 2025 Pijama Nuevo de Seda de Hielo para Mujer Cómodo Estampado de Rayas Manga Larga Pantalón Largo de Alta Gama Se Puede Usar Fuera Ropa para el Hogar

__________

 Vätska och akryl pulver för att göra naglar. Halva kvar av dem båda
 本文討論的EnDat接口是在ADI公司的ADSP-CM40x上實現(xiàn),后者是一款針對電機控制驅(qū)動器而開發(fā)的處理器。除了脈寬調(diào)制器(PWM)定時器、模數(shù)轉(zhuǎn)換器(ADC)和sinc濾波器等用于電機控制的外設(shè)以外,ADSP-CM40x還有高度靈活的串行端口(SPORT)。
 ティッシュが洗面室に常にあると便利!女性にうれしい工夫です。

__________

Starting with the line with "Vätska och akryl" above and going on through the line with "ティッシュが洗面室に常にあると便利!女性にうれしい工夫です。", transcribe every line exactly, both ends included, and add nothing.

 Vätska och akryl pulver för att göra naglar. Halva kvar av dem båda
 本文討論的EnDat接口是在ADI公司的ADSP-CM40x上實現(xiàn),后者是一款針對電機控制驅(qū)動器而開發(fā)的處理器。除了脈寬調(diào)制器(PWM)定時器、模數(shù)轉(zhuǎn)換器(ADC)和sinc濾波器等用于電機控制的外設(shè)以外,ADSP-CM40x還有高度靈活的串行端口(SPORT)。
 ティッシュが洗面室に常にあると便利!女性にうれしい工夫です。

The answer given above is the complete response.